Lakome.com
- Website type: News website
- Available in: Arabic, French
- Founded: 2010
- Dissolved: 2013
- Successor: lakome2.com
- Headquarters: Casablanca, {{{location_country}}}
- Country of origin: Morocco
- Creators: Ali Anouzla Aboubakr Jamaï
- Website: lakome.com
- Launched: 22 September 2010; 16 years ago
- Current status: Inactive
- Content license: All rights reserved
- Written in: Joomla!

= Lakome.com =

Moroccan news website (2010–2013)

Lakome.com was an independent Moroccan news website. It was started in 2010 and banned in 2013.

the website returned as Lakome2.com in 2015.

==History and profile==
Lakome.com was founded in December 2010 by Ali Anouzla, later joined by Aboubakr Jamaï. The site had articles in Arabic and in French. Ali Anouzla was also the editor of the English edition of the website. Aboubakr Jamaï was the editor of the French edition.

A laureate of the Committee to Protect Journalists' International Press Freedom Award and the World Association of Newspapers' Gebran Tueni Prize, Jamaï had previously started two newspapers in Morocco, Le Journal Hebdomadaire and Assahifa al-Ousbouiya. His papers were banned by the government of Morocco on multiple occasions for their explorations of politically taboo topics, and Jamaï soon won an international reputation for independent reporting. After a series of ruinous libel suits and alleged government pressure on advertisers, however, the papers went bankrupt, with Le Journal shut down by court order in 2010.

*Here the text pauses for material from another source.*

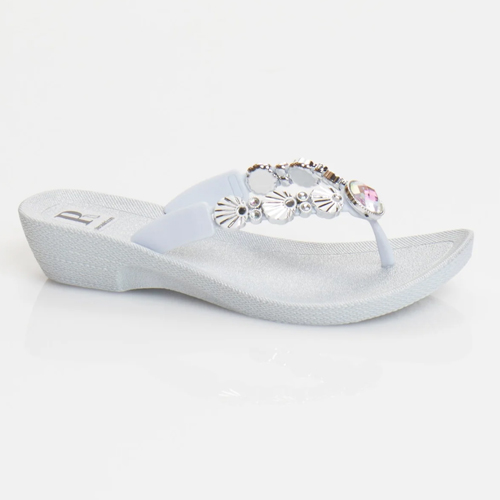 Add a touch of glamour and sparkle to your holiday wear with Pia Rossini wedges. These white wedged flipflops have diamante stones & silver shell detail along the footstrap and a smallwedge.

When the Arab Spring-inspired 2011 protests broke out in Morocco, however, Jamaï began a web-based news service, Lakome.com. The site had a small staff and focuses on reporting political events throughout Morocco. By April 2011, it was the fourth-most-visited website in Morocco.

On 17 October 2013, both the Arabic and French version of the site were closed down in Morocco. As of May 2014, the website remained blocked.